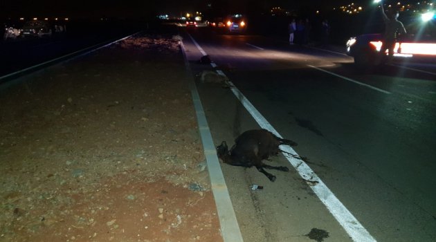 Hatay’ın Hassa ilçesinde iki otomobil yolda bulunan keçilere çarptı.
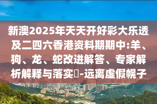新澳2025年天天開好彩大樂透及二四六香港資料期期中:羊、狗、龍、蛇的改進解答、專家解析解釋與落實?
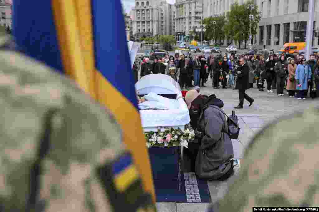 Побратими та близькі прощаються із загиблою військовою на Майдані Незалежності
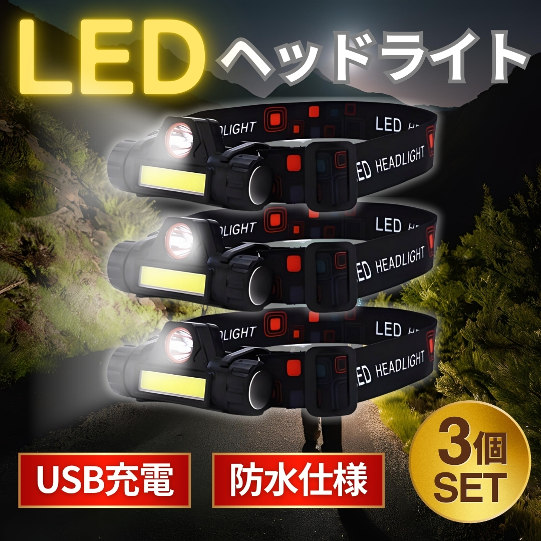 LEDヘッドライト ヘッドランプ 3個 充電式 防水 キャンプ アウトドア 防災グッズ ヘッドランプ ヘッドライト 災害 避難 送料無料 匿名配送
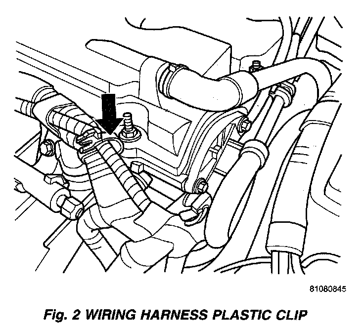 2. Disconnect the plastic clip for the Wiring harness from the stud on the valve cover.
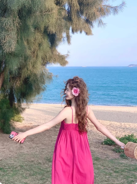 多巴胺甜美气质宽松高腰吊带连衣裙女夏三亚旅游海边度假沙滩长裙
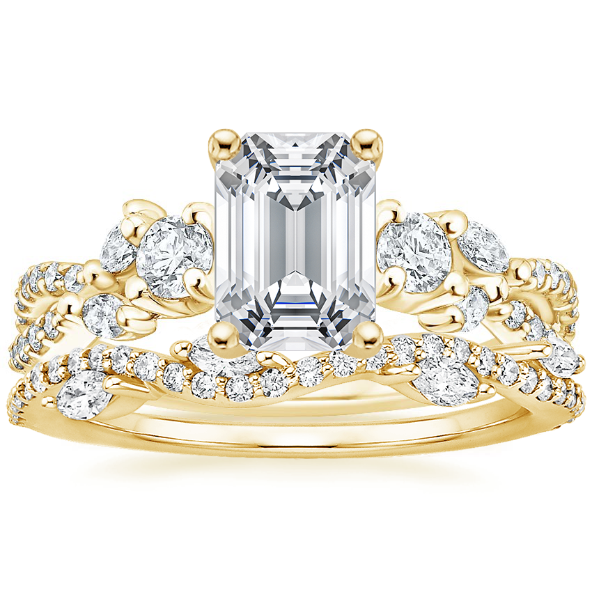 18K Yellow Gold Three Stone Luxe Willow Diamond Ring with Luxe Winding Willow Diamond Ring
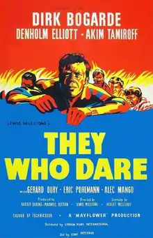 They Who Dare (aka Lewis Milestone's They Who Dare) is a 1954 Second World War war film directed by Lewis Milestone and starring Dirk Bogarde, Denholm Elliott and Akim Tamiroff.[2] The story is based on Operation Anglo that took place during World War II in the Dodecanese islands where special forces attempted to disrupt the Luftwaffe from threatening Allied forces in Egypt.[3] The title of the film is a reference to the motto of the Special Air Service: "Who Dares Wins".
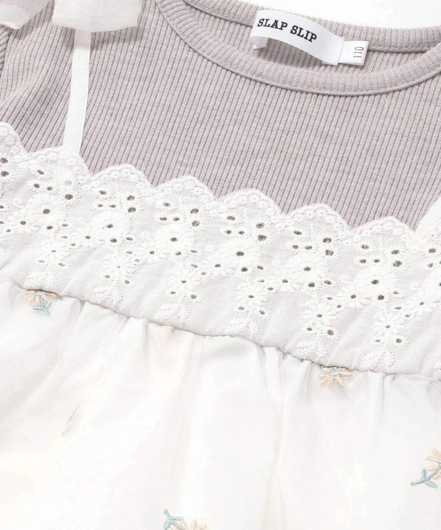 🇯🇵預訂 日本直送🇯🇵Slap Slip兩色花卉刺繡歐根紗蝴蝶結吊帶假兩件長袖上衣
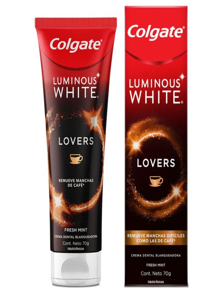 O creme dental clareador Colgate Luminous White Lovers Manchas de Café tem uma tecnologia para clareamento dental avançado desenvolvido para remover manchas profundas nos dentes causadas pelo café, proporcionando um sorriso mais branco e brilhante sem precisar abrir mão dos prazeres do dia a dia.
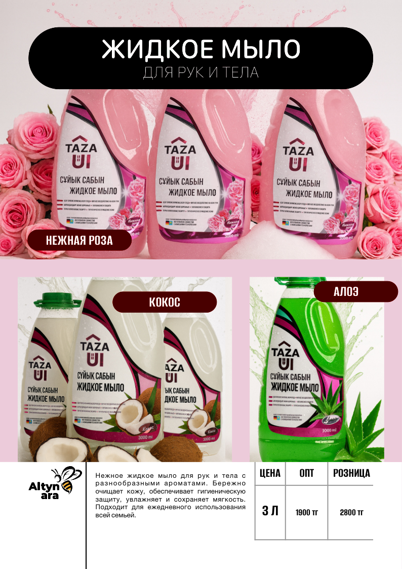 Жидкое мыло Taza Ui (Роза, Кокос, Алоэ)
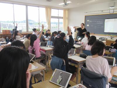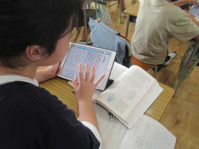 1年生 タブレットを使って、前期の振り返りを行いました。
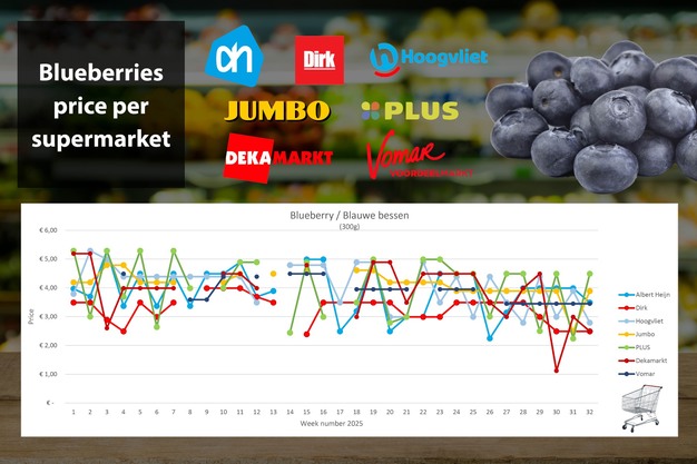 Andamento sorprendente nel reparto mirtilli: se nella settimana 29 Plus aveva drasticamente abbassato i prezzi, ora sono tornati a 4,49 euro. Scenario opposto da DekaMarkt, dove dallo stesso periodo il prezzo è stato ridotto di 2 euro, arrivando a 2,49. Per il resto, le quotazioni nei supermercati rimangono relativamente stabili, con Dirk e Hoogvliet che hanno deciso di proporre i mirtilli in promozione.
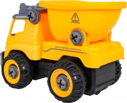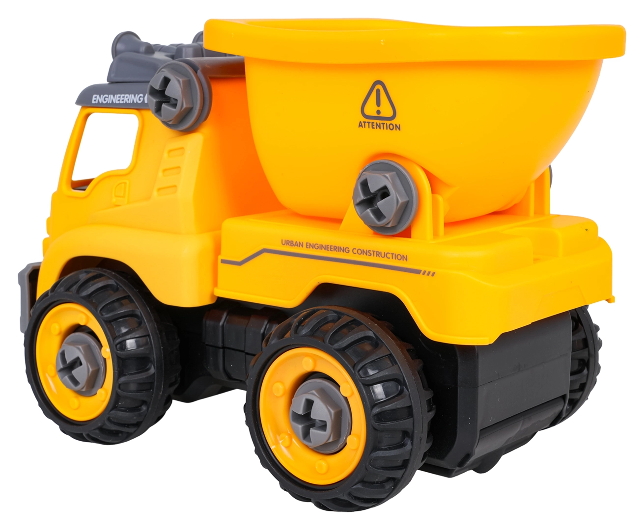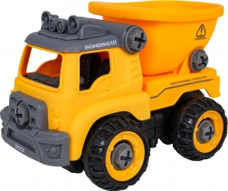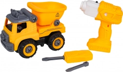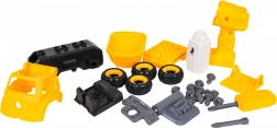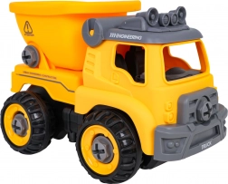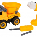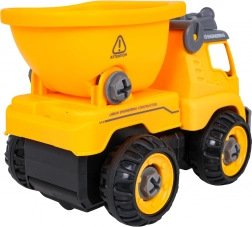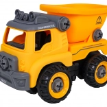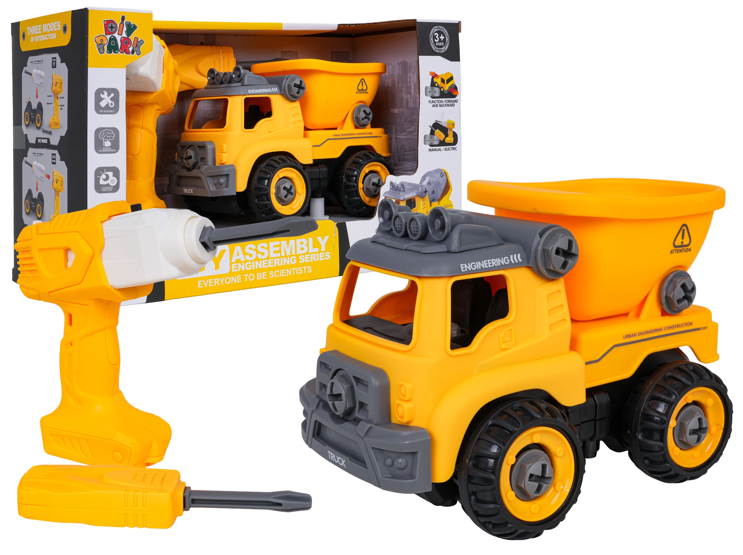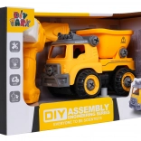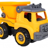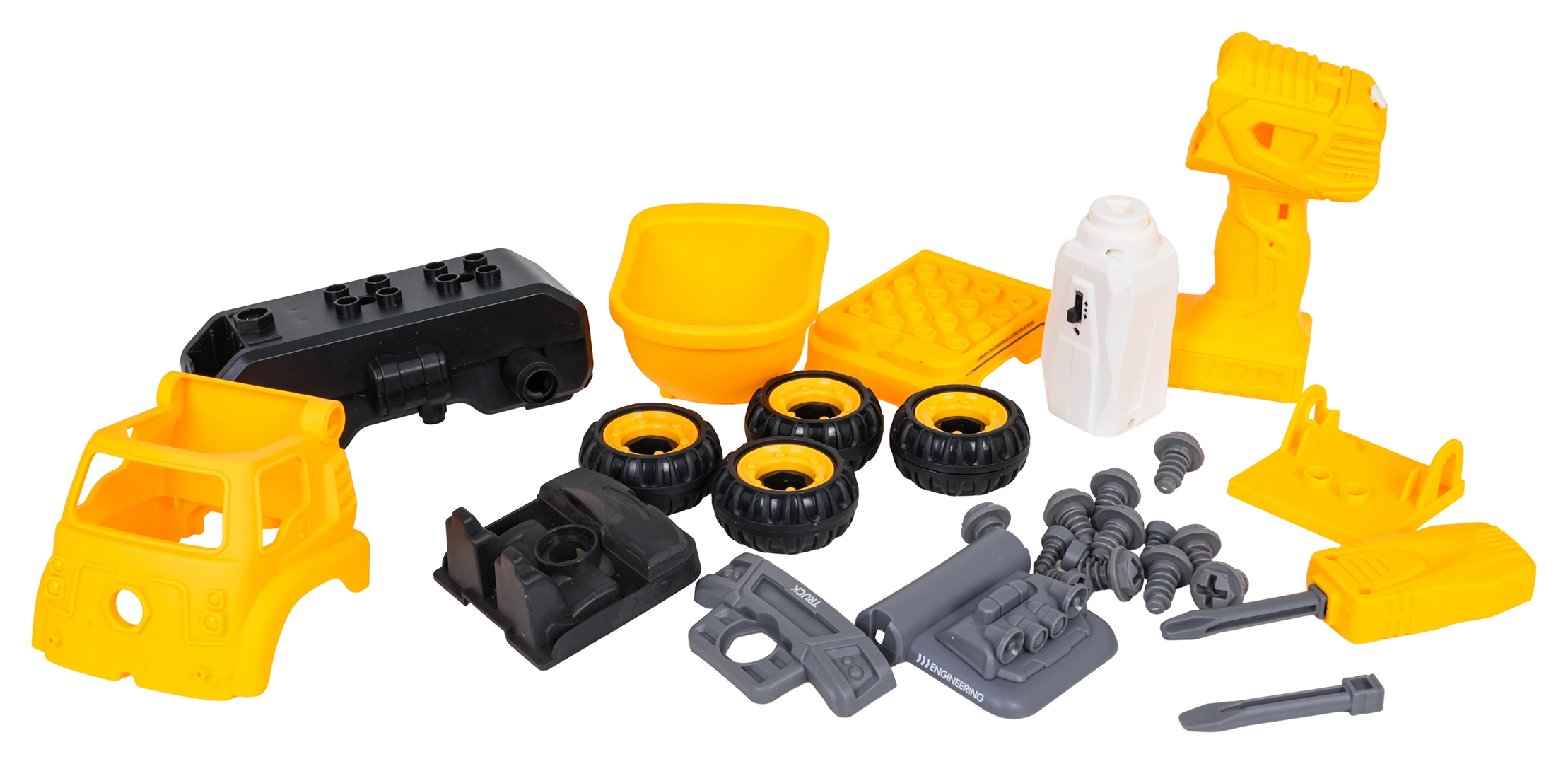 Stavebný sklápač je dodávaný kompletne zložený a pripravený na jazdu. Pomocou priloženej batériovej vŕtačky a ručného skrutkovača ho môžu deti rozobrať na jednotlivé diely a opäť zostaviť. Vozidlo je vyrobené z odolného plastu v živých farbách, takže zvládne každodenné hranie.
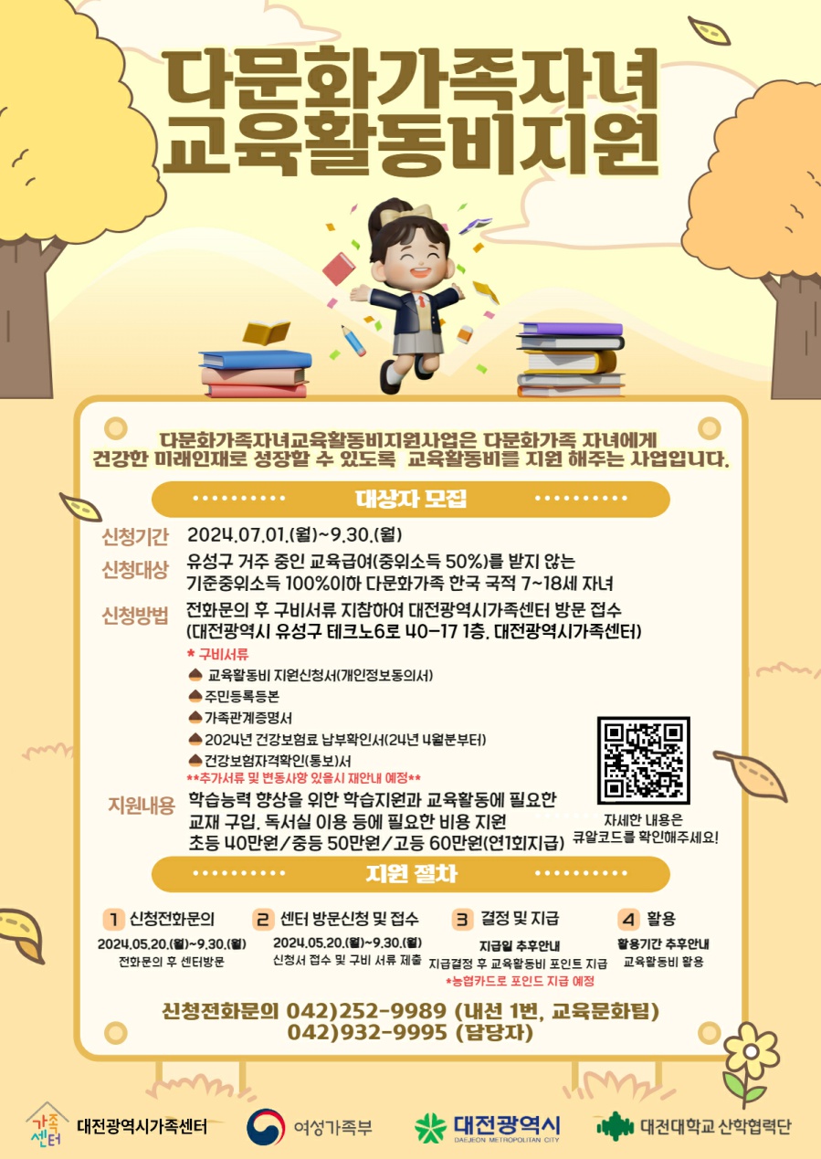 대전광역시가족센터에서 진행하는 2024년 다문화가족 자녀 교육활동비 지원사업을 아래와 같이 안내드립니다.
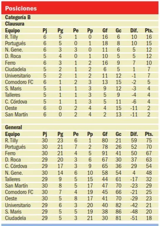 El otro camino hacia el ascenso es consagrarse campeón del Torneo Clausura actualmente en disputa. Sin embargo, Rada Tilly también lidera esa tabla, entonces se refuerza la importancia de la general, donde Portugués aparece como el mejor ubicado entre los aspirantes a la segunda plaza para subir a la A.
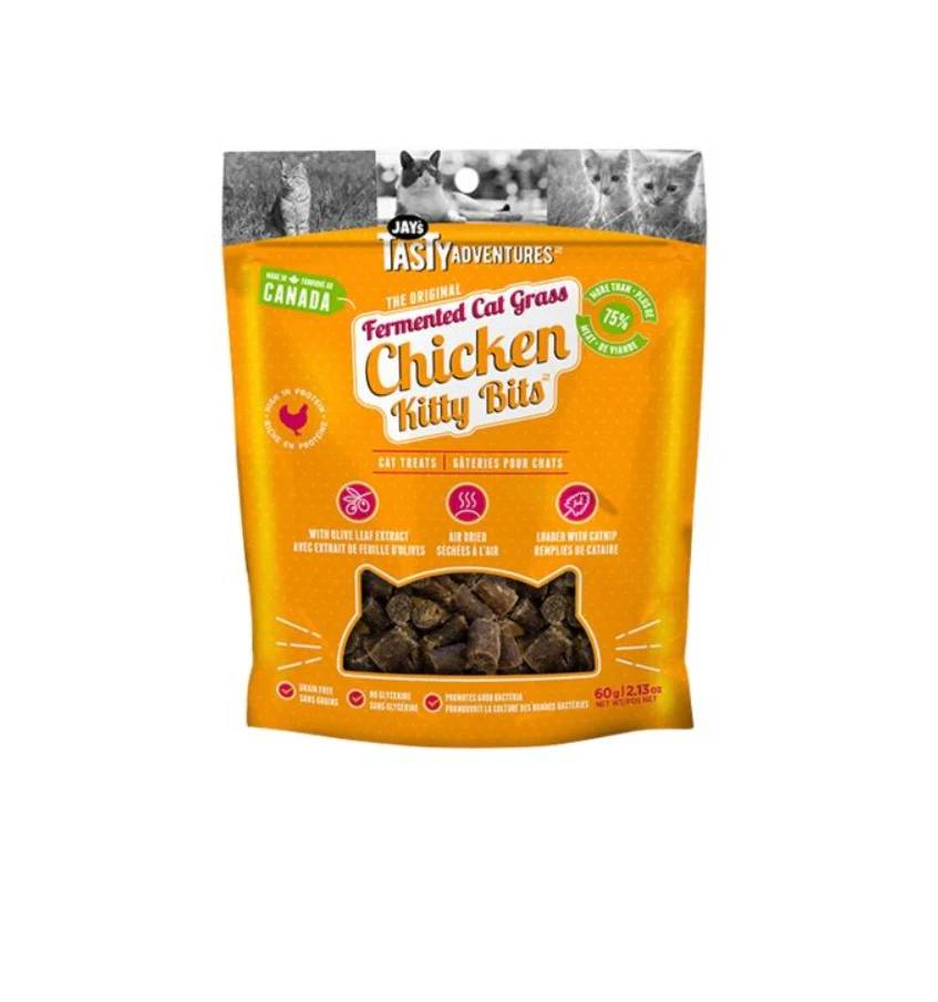 - Les Kitty Bits de Jay’s sont des gâteries fermentées pour chat et qui sont infusées d’herbe à chat et d’extrait de feuille d’olive pour renforcer la santé.
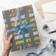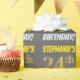 This wrapping paper design features a message like "STEPHANIE’S 24th BIRTHDAY!", with the "24th" having a faux/imitation gold-like colour appearance, and with the name and "BIRTHDAY" in a fun, bold font. The name can be customised, and the background is coloured grey (grey). Wrapping paper like this could perhaps be used when wrapping birthday gifts being given to somebody in celebration of their twenty fourth birthday. [~Z0000211]
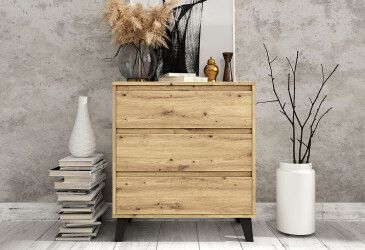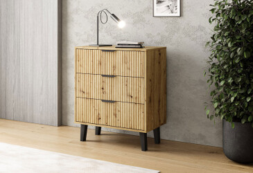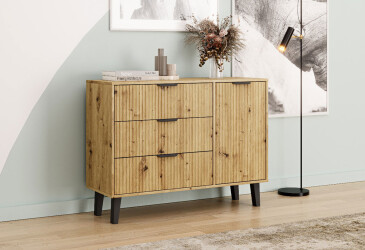 - super-cena, MDF, laminovaná, se zásuvkami, s dvířky, dub artisan, kuličková vedení plného výsuvu, 3 zásuvky, dřevotříska, moderní styl.
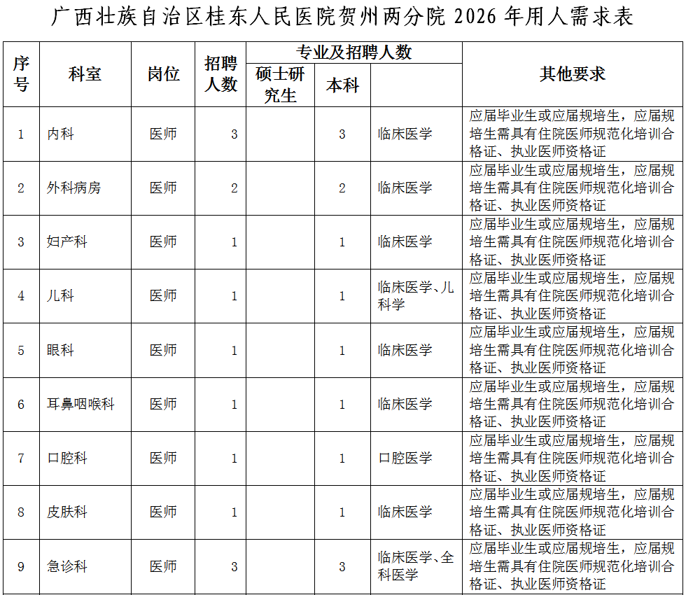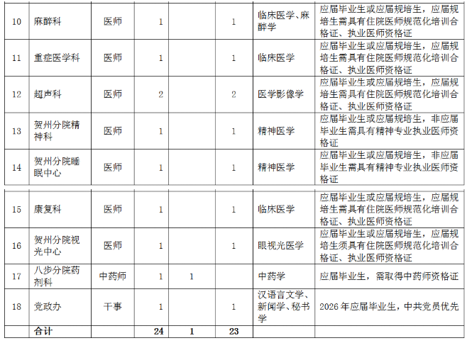 (應(yīng)聘報(bào)名二維碼)同時(shí),按以下要求提供個(gè)人應(yīng)聘材料(電子版)發(fā)電子郵箱:gdyy2817726@163.com(郵件主題請(qǐng)標(biāo)明:“姓名+賀州兩分院”字樣)。應(yīng)屆畢業(yè)生:個(gè)人簡(jiǎn)歷、身份證、就業(yè)推薦表、成績(jī)單、各種獎(jiǎng)項(xiàng)獎(jiǎng)勵(lì)證書(shū)、外語(yǔ)等級(jí)證書(shū)等。非應(yīng)屆畢業(yè)生:個(gè)人簡(jiǎn)歷、身份證、畢業(yè)證、畢業(yè)證備案登記表、學(xué)位證、學(xué)位證備案登記表、職稱證、執(zhí)業(yè)證、住院醫(yī)師規(guī)范化培訓(xùn)合格證、工作證明等。報(bào)名時(shí)所提交的申請(qǐng)材料必須真實(shí)、準(zhǔn)確,因報(bào)名時(shí)提交的申請(qǐng)材料不真實(shí)、不完整或錯(cuò)誤填寫(xiě)報(bào)名信息,造成資格審查、面試資格審查不通過(guò)的,后果由報(bào)名人員自行承擔(dān)。(2)資格審核。人事科依據(jù)招聘公告和用人需求規(guī)定的資格條件對(duì)應(yīng)聘人員簡(jiǎn)歷進(jìn)行收集和資格初步審查,經(jīng)招聘工作領(lǐng)導(dǎo)小組審核后,確定符合崗位條件報(bào)名人員名單,由醫(yī)院人事科電話或短信通知符合條件人員。(3)考核。考核筆試和面試由人事科負(fù)責(zé)組織實(shí)施,協(xié)助部門為醫(yī)務(wù)部、護(hù)理部、科教科以及用人科室,紀(jì)律監(jiān)督部門為監(jiān)察室。逾期未參加則視為自愿放棄。(4)試工。通過(guò)考核的非應(yīng)屆畢業(yè)應(yīng)聘人員,須到醫(yī)院試工5天。試工不通過(guò),不予聘用。(5)體檢。體檢工作由廣西壯族自治區(qū)桂東人民醫(yī)院按照有關(guān)規(guī)定統(tǒng)一組織。體檢標(biāo)準(zhǔn)參照《廣西壯族自治區(qū)事業(yè)單位公開(kāi)招聘人員體檢通用標(biāo)準(zhǔn)(試行)》《廣西壯族自治區(qū)事業(yè)單位公開(kāi)招聘人員體檢操作手冊(cè)(試行)》執(zhí)行。體檢不合格或隱瞞真實(shí)情況致使體檢結(jié)果失真的,不予聘用。因體檢不合格空缺崗位的,將按考核的綜合成績(jī),從高到低,順位補(bǔ)充體檢人員。(6)公示和聘用。對(duì)擬聘非應(yīng)屆畢業(yè)應(yīng)聘者在全院范圍內(nèi)進(jìn)行公示,公示期為5個(gè)工作日,公示期滿無(wú)異議按程序辦理聘用手續(xù)。對(duì)公示有異議,經(jīng)核實(shí)影響聘用的,取消其聘用資格;對(duì)反映問(wèn)題難以核實(shí)的暫緩聘用,待核實(shí)清楚后按有關(guān)規(guī)定辦理。

========================================================================

Instructions for the task: Write out again, exactly, the lines from the start of the listing up to the line containing "多巴胺甜美气质宽松高腰吊带连衣裙女夏三亚旅游海边度假沙滩长裙", with both ends and without pictures.

Answer box:
 Hatay’ın Hassa ilçesinde iki otomobil yolda bulunan keçilere çarptı.
新澳2025年天天開好彩大樂透及二四六香港資料期期中:羊、狗、龍、蛇的改進解答、專家解析解釋與落實?
 Побратими та близькі прощаються із загиблою військовою на Майдані Незалежності
 LEDヘッドライト ヘッドランプ 3個 充電式 防水 キャンプ アウトドア 防災グッズ ヘッドランプ ヘッドライト 災害 避難 送料無料 匿名配送
 2. Disconnect the plastic clip for the Wiring harness from the stud on the valve cover.
 多巴胺甜美气质宽松高腰吊带连衣裙女夏三亚旅游海边度假沙滩长裙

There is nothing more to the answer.